-- RECORDED INFORMATION follows --

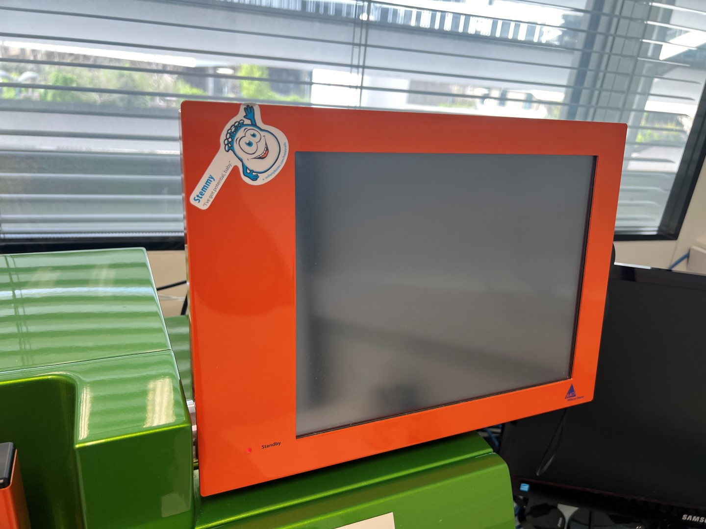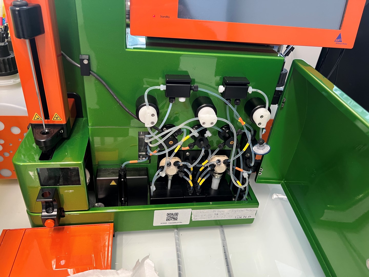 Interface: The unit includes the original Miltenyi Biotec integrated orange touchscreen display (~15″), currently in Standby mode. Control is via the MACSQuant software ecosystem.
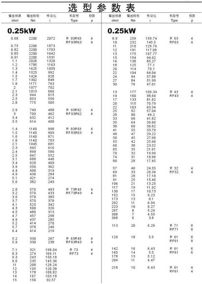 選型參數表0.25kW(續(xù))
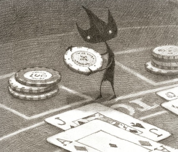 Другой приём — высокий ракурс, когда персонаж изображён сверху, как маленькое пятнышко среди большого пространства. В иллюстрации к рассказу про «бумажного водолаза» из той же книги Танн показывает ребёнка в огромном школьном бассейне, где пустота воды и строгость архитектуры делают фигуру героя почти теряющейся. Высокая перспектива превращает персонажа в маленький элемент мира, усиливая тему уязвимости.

-- RECORDED INFORMATION concluded --

Restate, line by line and word for word, everything from the top of the material through the line that contains "選型參數表0.25kW(續(xù))". Leave pictures out.

 Interface: The unit includes the original Miltenyi Biotec integrated orange touchscreen display (~15″), currently in Standby mode. Control is via the MACSQuant software ecosystem.
 選型參數表0.25kW(續(xù))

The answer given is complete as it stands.